Linear regression analysis
model <-lm(danceability ~ loudness +as.numeric(explicit) + popularity + energy, data = pop_songs)
Summary of the linear regression analysis
summary(model)
Call:
lm(formula = danceability ~ loudness + as.numeric(explicit) +
popularity + energy, data = pop_songs)
Residuals:
Min 1Q Median 3Q Max
-0.44939 -0.07688 0.01187 0.08866 0.30136
Coefficients:
Estimate Std. Error t value Pr(>|t|)
(Intercept) 0.4950636 0.0618644 8.002 1.19e-14 ***
loudness -0.0023410 0.0044841 -0.522 0.60190
as.numeric(explicit) 0.0444760 0.0192404 2.312 0.02128 *
popularity 0.0001389 0.0002834 0.490 0.62425
energy 0.1753682 0.0544465 3.221 0.00138 **
---
Signif. codes: 0 '***' 0.001 '**' 0.01 '*' 0.05 '.' 0.1 ' ' 1
Residual standard error: 0.1346 on 423 degrees of freedom
Multiple R-squared: 0.0451, Adjusted R-squared: 0.03607
F-statistic: 4.995 on 4 and 423 DF, p-value: 0.0006078
According to this information the formula for my model is:
Danceability = 0.4951−0.0023×Loudness+0.0445 x Explicit+0.000139×Popularity+0.1754×Energy
Also according to this model,explicit content and energy are key predictors of danceability in pop songs. However loudness and popularity do not influence danceability in pop songs. There are also low R-square values that indicate that other variables may also affect danceability.
Brief Essay
How you cleaned the dataset up
With the code str() I was able to see the internal structure of the data set. Secondly, with the code summary() i was able to see if there were any missing values. Thirdly, with the code spotify <- spotify %>% drop_na() i was able to erase all the missing values in the dataset, if any. Finally, since i only wanted to work with a specific genre of songs,pop, i used the code pop_songs <- spotify %>% filter(genre == “pop”) in order to filter out the songs that fitter that genre.

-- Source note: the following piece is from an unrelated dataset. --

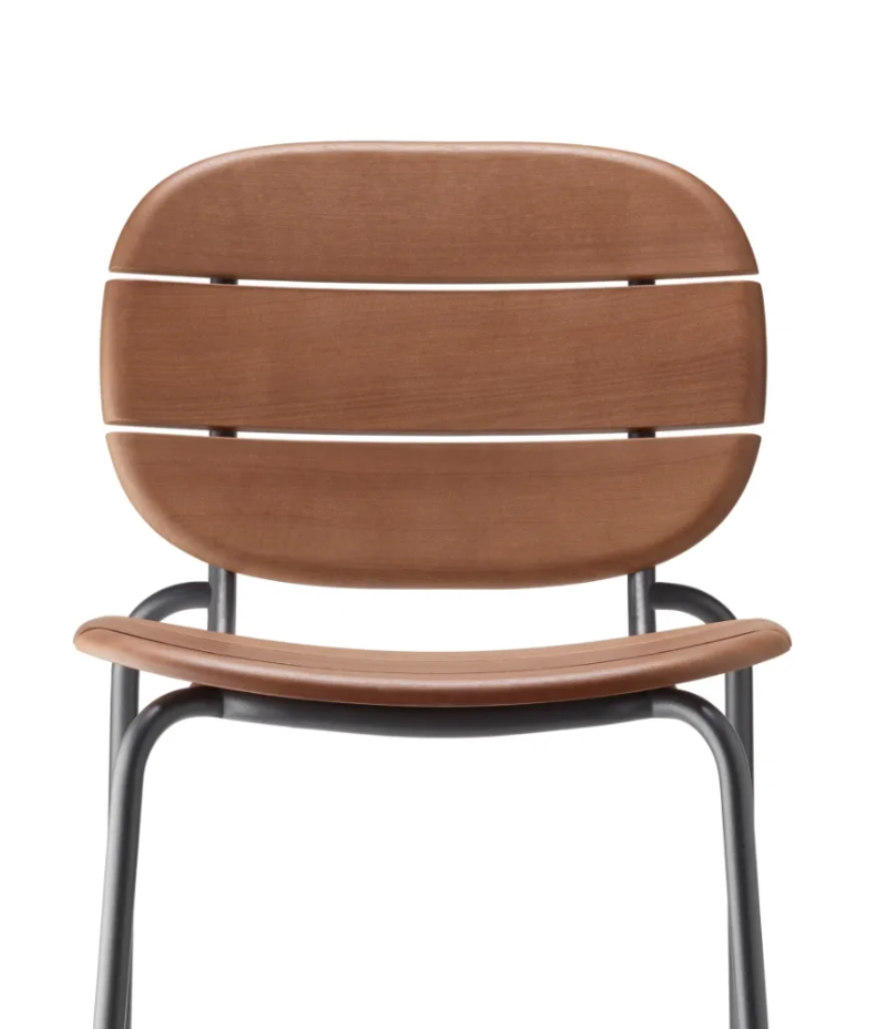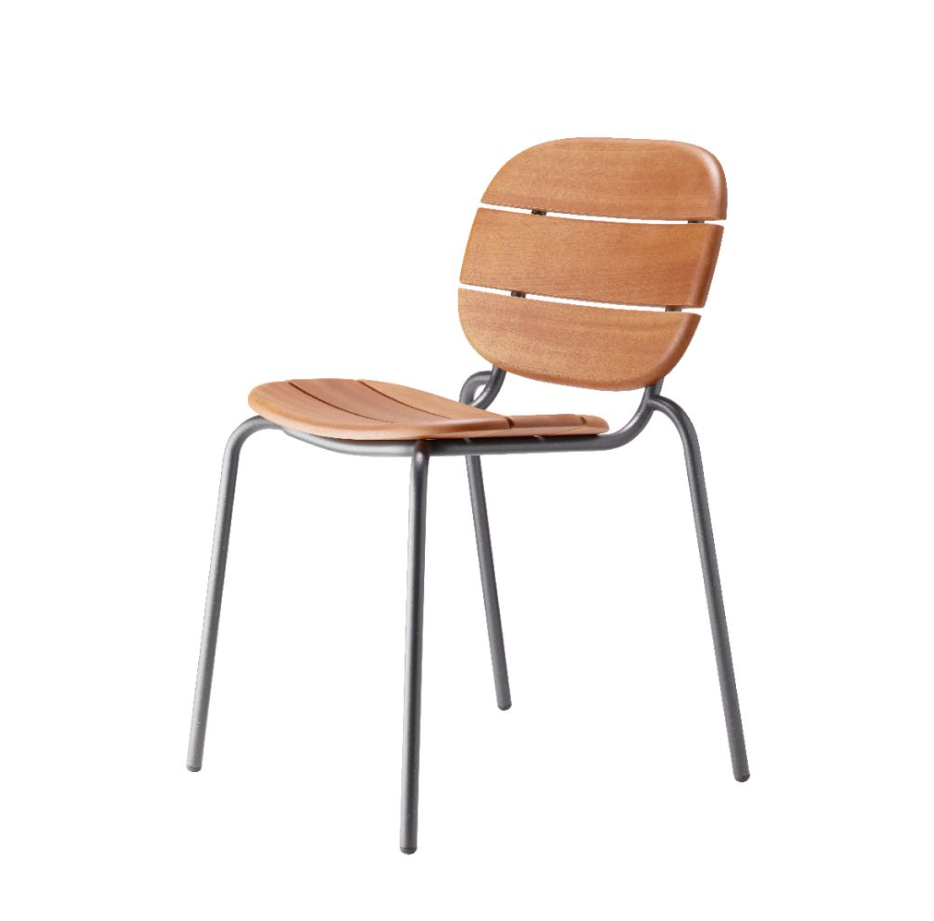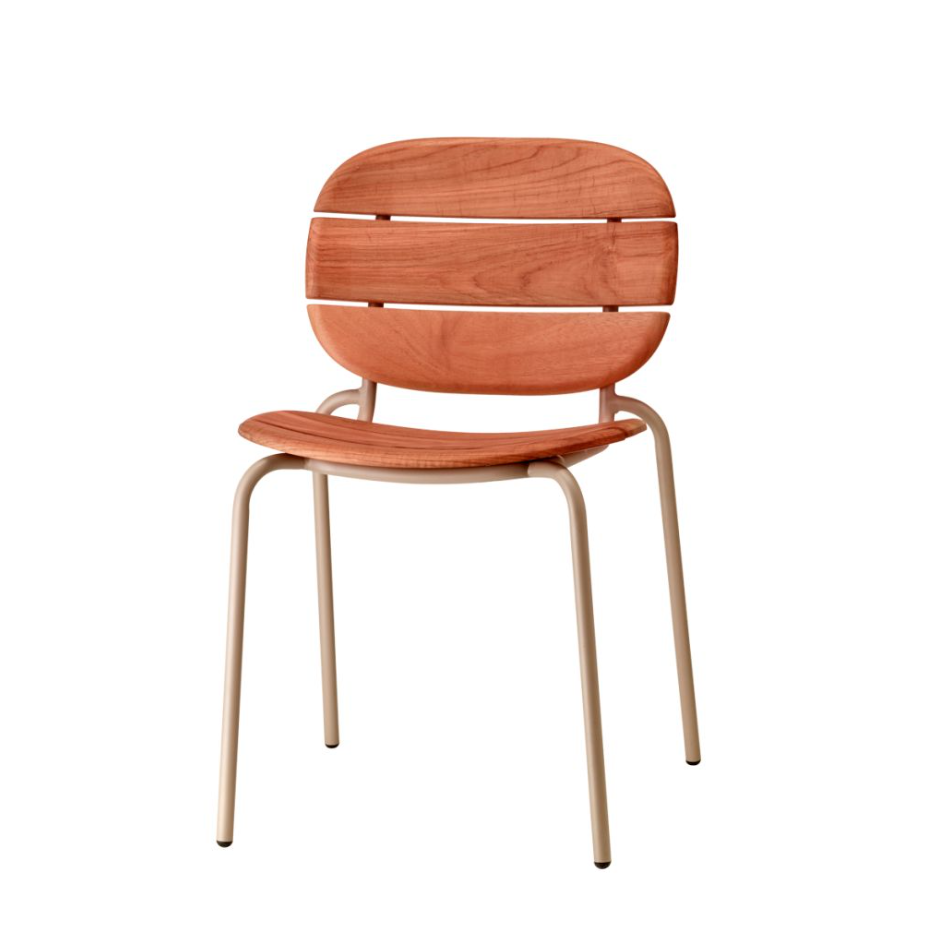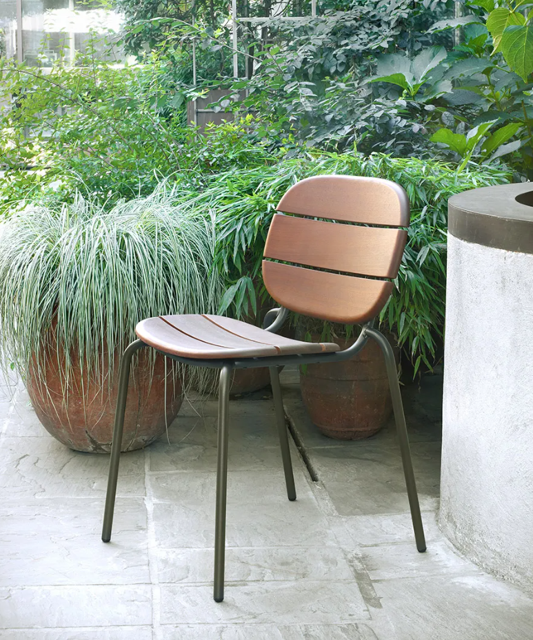Die Stuhlversion der Si‑Si Wood -Kollektion kombiniert die formale Strenge des Industriedesigns mit der natürlichen Wärme von Holz.

What the visualization represents, any interesting patterns or surprises that arise within the visualization.
The visualization represents the change over time of the danceability of songs from 1999 to 2020. With each point representing a song, the y-axis being the danceability score and the x-axis shows the year of release, and depending whether the song is explicit or not the color of the point changes. Finally the trend line can show a general trajectory of the danceability over the years, showing whether it has increase, decreased, or stabilized.
Patterns or surprises
A surprise for me was that the trend line showed an increase in the year 2020 higher than those years before, and that the line started increasing whenever explicit songs started appearing. Also within the 2000-2010, some outliners were explicit songs, which could relate to the change in trend of songs during that century.
Anything that you might have shown that you could not get to work or that you wished you could have included.
I was also working on the percentage of incurring with a explicit song over the years, however i could not seem to get it to work or be included into the graph.